A deadly North American western diamondback albino rattlesnake. Photo: _Ben Rushton_ 

DOCTORS who do not dob in the collectors of banned deadly snakes who seek treatment after being bitten are putting the public at risk, according to Victoria's senior wildlife cop.
Keith Larner says he is fed up with doctors treating snakebite victims under a veil of secrecy, and wants them to alert authorities if the patient is the owner of an illegal exotic reptile.
He said while he respected doctor-patient confidentiality, medics who refused to provide the names of such patients to the Department of Sustainability and Environment were irresponsible.
Doctors are not required to report cases of snakebite, but Mr Larner believes they have a duty to help authorities prevent members of the public from being put at risk of deadly snakes that have either escaped or been dumped by bored owners.
"If people have got cobras, vipers, rattlesnakes … held illegally in their houses, we want to know about it and, yes, we will take out a search warrant and, yes, we will go to those houses and seize those collections and prosecute the people for having them," Mr Larner said.
"With some of these deadly venomous animals there is no anti-venene available in Australia. So it's a very high risk for DSE officers who go to people's houses to search for these creatures and also for police, firemen and ambulance officers who may … attend these premises."
He said DSE officers working in the field were hearing about snakebite incidents and it was frustrating that doctors were refusing to hand over the names "or even the numbers of people being bitten or the suburbs where these snakes are being kept".
"They might say they want people to feel free to come forward to get treatment but I think doctors also have an obligation to protect the rest of the community from being attacked by reptiles such as rattlesnakes.
"People have handed in boa constrictors they've found in the park big enough to eat cats, dogs and small children."
In one recent case, a Carrum woman, 42, was charged after two boa constrictors — native to Central and South America — were found in her home on March 5.
It is illegal in Australia to possess, breed or trade exotic reptiles and the woman faces up to five years' jail and a $110,000 fine.
Between 2000 and 3000 people are bitten by snakes each year in Australia, although only about 1000 bites are inflicted by venomous snakes.
The Australian Medical Association's state vice-president, Dr Harry Hemley, said doctors' primary concern was for their patients' health.
"Doctors are obliged to safeguard the confidentiality of the patient and to ensure the patient has access to appropriate health care," he said.
"This doctor-patient confidentiality must be maintained. Exceptions to this are taken very seriously and would only occur if there was a serious risk to the patient or another person, or where a doctor is required by law to pass on information, for things like communicable diseases. Doctors are not currently obliged to report snake bites and would hesitate to break doctor-patient confidentiality. We'd hate for anyone to avoid getting medical care for fear of being prosecuted by the DSE."
Mr Larner said he was disappointed with doctors' attitudes because it was not in the public interest.
"People (who keep exotic reptiles) are lawbreakers and these doctors who treat them should be doing something to help the rest of the community," he said.
"It's not about us taking people to court. It's about getting rid of these pests before they escape."


----------



## nabu120 (Mar 16, 2009)

i reckon drs should report them, as much as i would love to be able to own an exotic snake, the law states i cant, n to than release it into our native areas that just plain stupid! 

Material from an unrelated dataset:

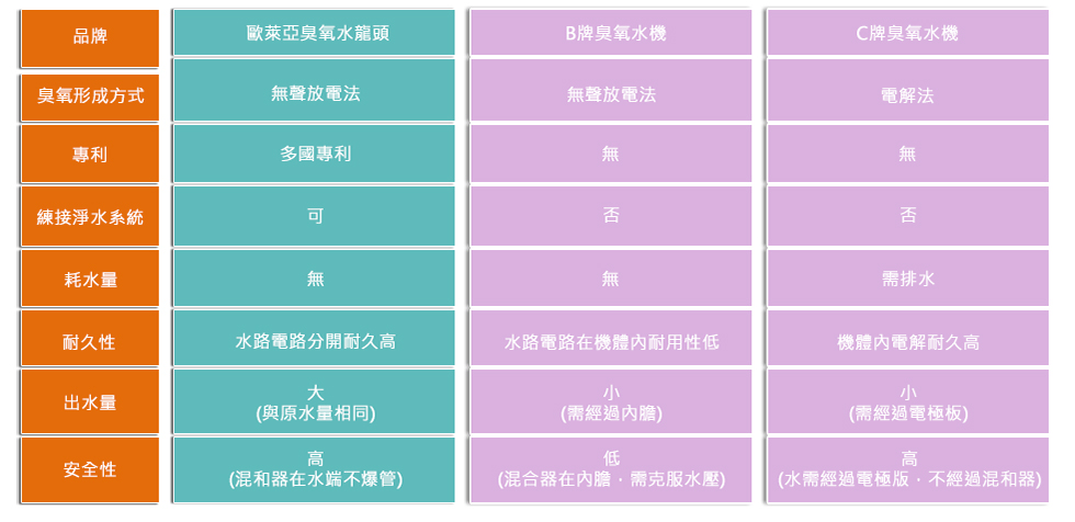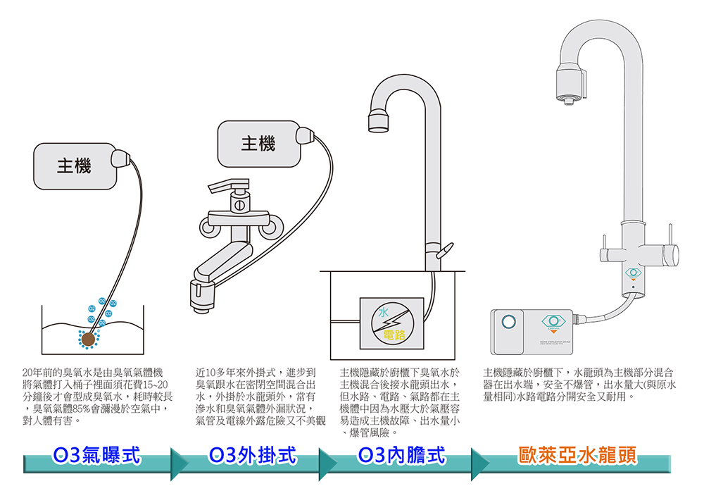 溶於水中的臭氧能停留在水中15~20分鐘之久稱為臭氧水,這段時間內的臭氧水仍然具有殺菌功能,15~20分鐘後臭氧會還原成對人類有益的氧氣,可說是非常環保,沒有汙染。用臭氧水洗手洗臉與漱口可以降低各類傳染病傳播與蛀牙及牙周病的發生還能去除口臭。如果家裡有小朋友的家長常煩惱擔心腸病毒,大腸桿菌等..細菌侵襲小朋友,若常用臭氧水洗手不用再擔心細菌找上門,臭氧能在 5~20秒間殺死細菌,殺菌力非常強經SGS檢測殺菌力達99.999%以上。 皮膚新陳代謝主要是靠血液中的養份及氧氣的供應,皮膚的角質層過厚會引起各類細菌的繁殖,輕者影響皮膚的美觀及皮膚老化,重者會引以各類皮膚病變,臭氧具有殺菌、消毒、脫臭及分解汙垢的能力,可使老化的皮膚迅速汰舊換新,逐漸恢復皮膚的正常功能。
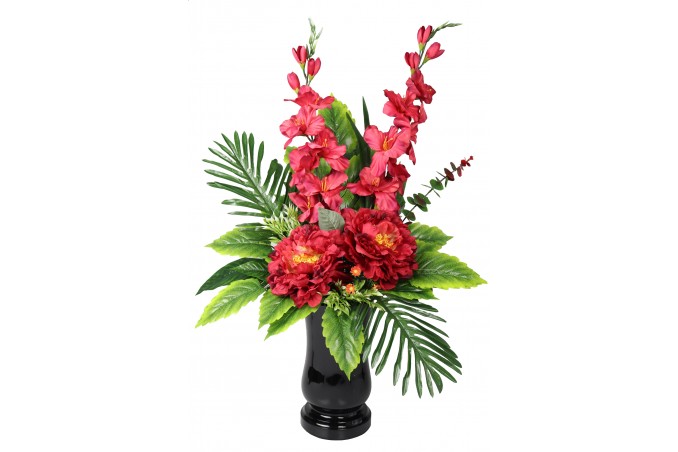 Bukiet w pojemniku z tworzywa utrwalony masą dzięki temu jest ciężki, stabilny i nie podatny na wiatr.

n how hard would it be to get an antivenene for one of those snake bites do you think? wouldnt you be as good as dead?


----------



## Dusty62 (Mar 16, 2009)

I wonder if the Doctors would enter a house for a patient that has been bitten by an exotic which is now on the loose for treament - I think not, so why should DSE officers have to risk thier lives searching for the offenders. I think Doctors should by law have to report all exotic bites just as they have to do for child abuse and such.

TMO
Dusty


----------



## mebebrian (Mar 16, 2009)

The few minutes it may take for someone to decide weather or not they want to risk losing thier entire reptile collection may be the difference between life and death, is it really worth a human life?

I think not.


----------



## Dan123 (Mar 16, 2009)

i reckon dse should do something themselves for once.
of all the government organisations we love to hate dse would have to be the BIGGEST waste of tax payer money

and hows this relevant. because dse would love doctors to dob in patients so they can waste money organising a full blown special operations group style search of someones house and in the end give the culprit a slap on the wrist or some wussy 2k tops fine.


----------



## m.punja (Mar 16, 2009)

hmm, I have mixed feelings about this. If the doctors start informing then the keepers will stop seeking treatment is really the bottom line, so in a way if the doctors go to the authority then in its own way it is endangering lives. It will be an interesting debate and I look forward to seeing other peoples opinions.


----------



## funcouple (Mar 16, 2009)

wouldnt it be a breach of privacy if the doctor gave out any information about the patient?


----------



## Earthling (Mar 16, 2009)

funcouple said:


> wouldnt it be a breach of privacy if the doctor gave out any information about the patient?


 
Yes Doctor-Patient confidentiality is a very good thing, which as much as it jacks of the authorities they cant get all the info on us...we need this confidentiality.


----------



## pythonmum (Mar 16, 2009)

Tough issue because safety of others comes into it.

On a lighter note - only 2000 - 3000 snakebites a year? They sure don't count people being tagged and not needing treatment!


----------



## sarah_m (Mar 17, 2009)

Not only are they breaking the law but they are putting others at risk.
If they get bitten by an exotic ven then that is their tough luck, they should be reported.
They know it is illegal and they know the risks, if they choose to accept that risk that is up to them, but don't put others in danger out of selfishness.

Imagine your child is bitten by a snake, you did'nt see it so cant identify it and doctors tests dont show what it is............. Eventually the child dies because treatment is ineffectual.
Then you find out that someone in your neighbourhood has been keeping rattle snakes and "Oops, one escaped". Also you find out that doctors knew he had these snakes, but did not report him for fear that he would not come for treatment if required in the future.

How do you feel now?
The laws are in place for a reason.............to protect people.


----------



## Mrs I (Mar 17, 2009)

sarah_m said:


> Not only are they breaking the law but they are putting others at risk.
> If they get bitten by an exotic ven then that is their tough luck, they should be reported.
> They know it is illegal and they know the risks, if they choose to accept that risk that is up to them, but don't put others in danger out of selfishness.
> 
> ...


 
Well said !


----------



## Jonno from ERD (Mar 17, 2009)

pythonmum said:


> Tough issue because safety of others comes into it.
> 
> On a lighter note - only 2000 - 3000 snakebites a year? They sure don't count people being tagged and not needing treatment!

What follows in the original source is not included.